### Supplied data
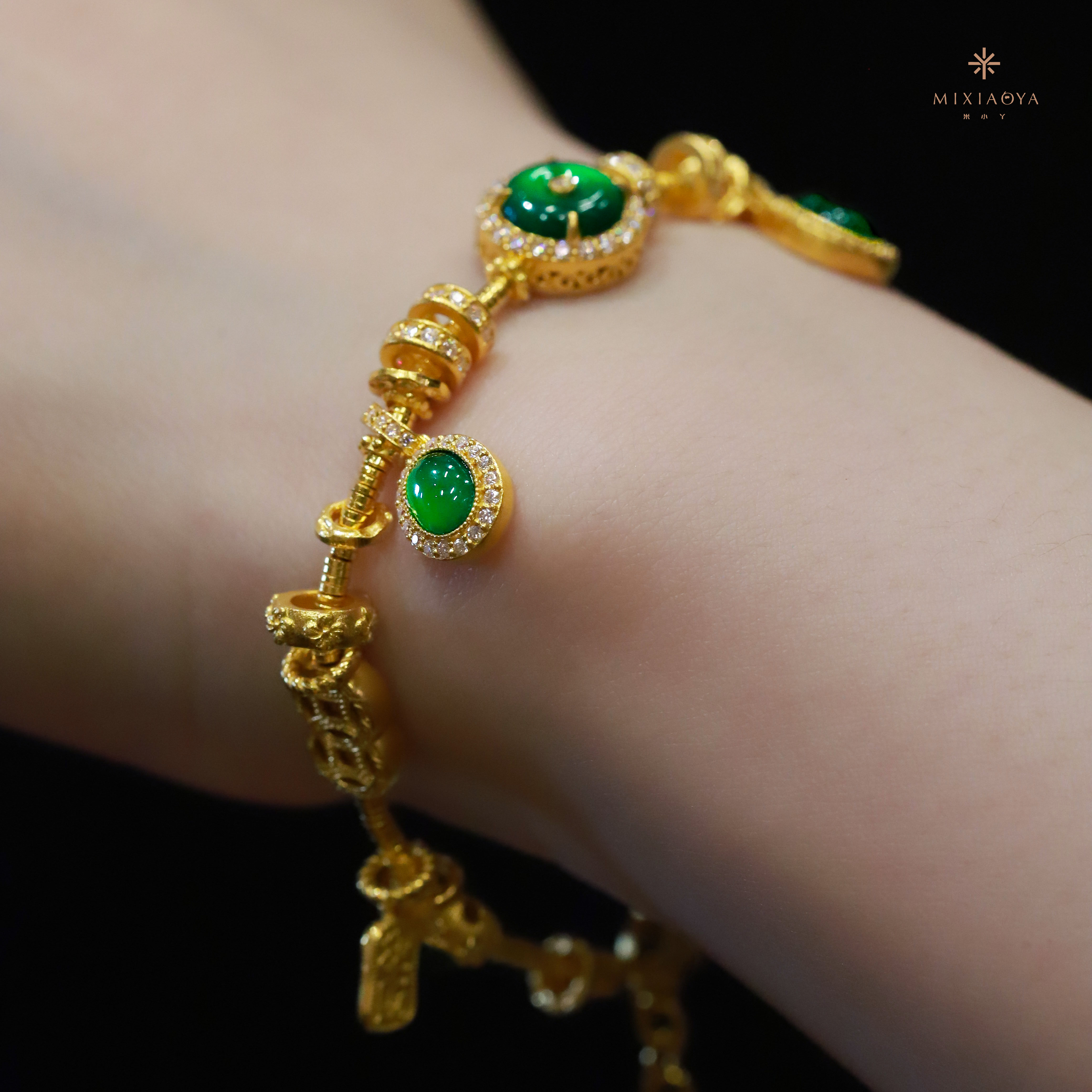 Mi Xiaoya jewelry pure gold 999 natural jade safety buckle bracelet diamond inlaid with ancient gold gourd coil
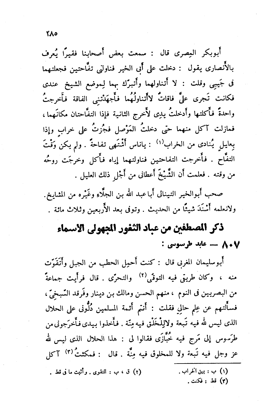 أبو سليمان المغربي قال كنت أحمل الحطب من الجبل و أتقوت منه و كان طريقي فيه التوقي والتحري قال فرأيت جماعة من البصريين في النوم منهم الحسن و مالك بن دينار و فرقد السبخي فسألتهم عن علم حالي فقلت أنتم أئمة المسلمين دلوني على الحلال الذي ليس لله فيه تبعة ولا للخلق فيه منة فأخذوا بيدي فأخرجني من طرسوس إلى مرج فيه خبازي فقالوا لي هذا الحلال الذي ليس لله عزوجل فيه تبعة ولا للمخلوق فيه منة قال فمكثت آكل
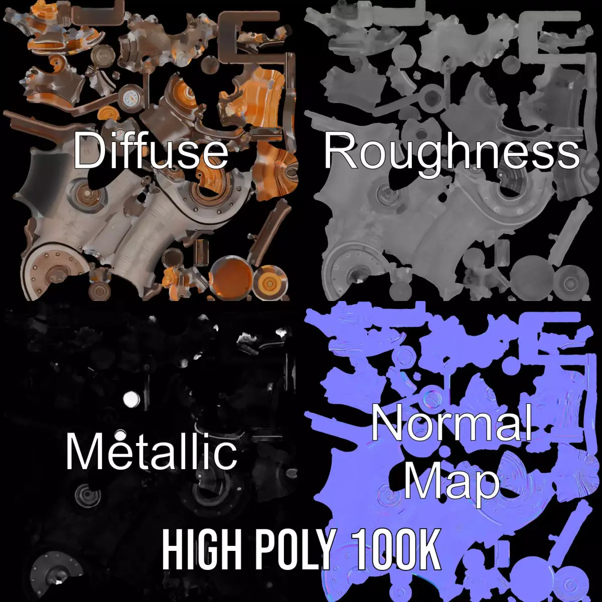 This 3D model captures the intricate details of an industrial brass gauge system, perfect for adding authenticity to steampunk designs or factory settings. Each model has 3 levels of detail: low-poly (1000 triangles for mobile), middle-poly (10,000 triangles for environment), and high-poly (100,000 triangles), which allows for the use of this model in production rendering (such as 3ds Max, Maya, Cinema4D, Blender, Vray/Corona/Cycles, and all others), game engines (Unity and Unreal compatible), and interactive presentations, providing a choice of detail based on the LOD System principle. The model is ideal for use in technical simulations, visual effects production, or historical themed projects. The model's textures are PBR, Diffuse, NormalMap, and reflection/roughness/metallic, suitable for any modern rendering engine. All models accurately unwrapped and have no overlapping UV. All textures are 4096x4096 in size. Please like and leave a comment if you enjoyed this model.
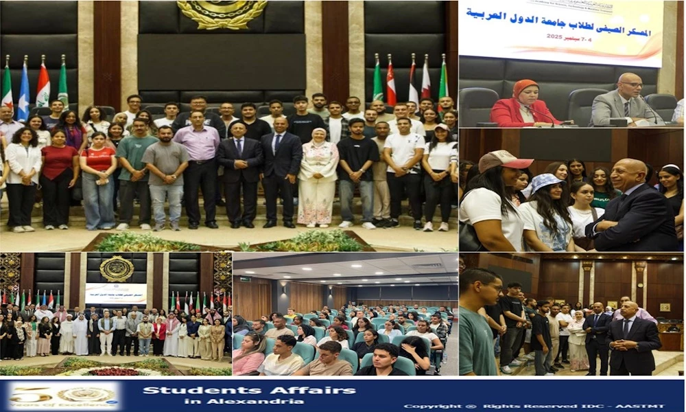 On Thursday, September 4, 2025, the ninth session of the Arab University Youth Camp started at the Arab Academy for Science, Technology, and Maritime Transport in Alexandria, under the patronage of the Secretary-General of the Arab League, Mr. Ahmed Aboul Gheit, and hosted by the academy. The opening featured a speech by the academy's president delivered by Professor Mohamed Abu al-Azm, Dean of Student Affairs, in which he emphasized the importance of Arab cooperation and the role of the academy as the scientific and technical arm of the Arab League, praising its progress in international rankings for the year 2025. The speeches also reviewed the role of the academy in supporting scientific research and organizing the first Arab forum on artificial intelligence, in addition to praising student, cultural, and sports activities. The camp's program includes scientific lectures in the fields of artificial intelligence, transport, and logistics, along with training and cultural visits to explore the landmarks of Alexandria.
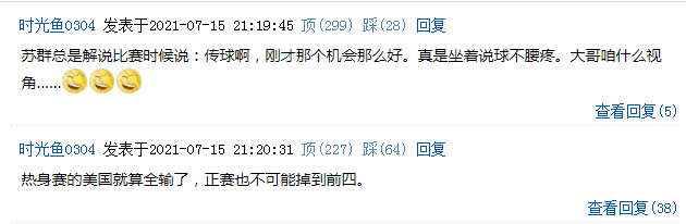 苏老师表示“美国队能进前四就算是个胜利,美国队今年的阵容本来就薄(弱),又有缺陷,如果今年真的能夺冠,那真是厉害。”,这一个观点也被网友反驳,觉得美国男篮在热身赛就算全部输掉,也不可能在奥运会正赛掉到前4,尽管前4也包括夺金,但是对于网友来说美国队只有夺金才是唯一选项吧,谁让美国男篮的实力是如此强大,但美国男篮这一次奥运会之旅确实充满了太多不确定因素,比尔和格兰特触发健康安全协议,热身赛被取消,奥运会要开打了还有核心球星在打NBA总决赛,可见美国男篮当前的夺金前景是岌岌可危。
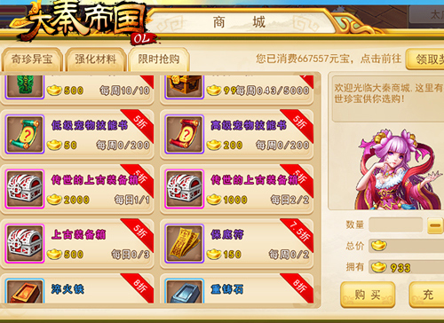 新玩家在游戏前期由于升级很快,往往会出现装备满足不了当前等级需求的情况,现在,这些问题就要一去不复返啦!我们《大秦帝国OL》即将在商城中推出一些适合低等级玩家的基本装备,让你在追赶大部队的道路上更加轻松!这些基本装备属性不固定,可以依照玩家喜好自由加点,可以快速武装各位玩家的新号。
######
**Work to be completed**.
Exact repetition is required for the lines from the first one in the listing through the one that holds "أبو سليمان المغربي", and pictures are to be omitted.

**Worked solution**.
 Mi Xiaoya jewelry pure gold 999 natural jade safety buckle bracelet diamond inlaid with ancient gold gourd coil
 أبو سليمان المغربي قال كنت أحمل الحطب من الجبل و أتقوت منه و كان طريقي فيه التوقي والتحري قال فرأيت جماعة من البصريين في النوم منهم الحسن و مالك بن دينار و فرقد السبخي فسألتهم عن علم حالي فقلت أنتم أئمة المسلمين دلوني على الحلال الذي ليس لله فيه تبعة ولا للخلق فيه منة فأخذوا بيدي فأخرجني من طرسوس إلى مرج فيه خبازي فقالوا لي هذا الحلال الذي ليس لله عزوجل فيه تبعة ولا للمخلوق فيه منة قال فمكثت آكل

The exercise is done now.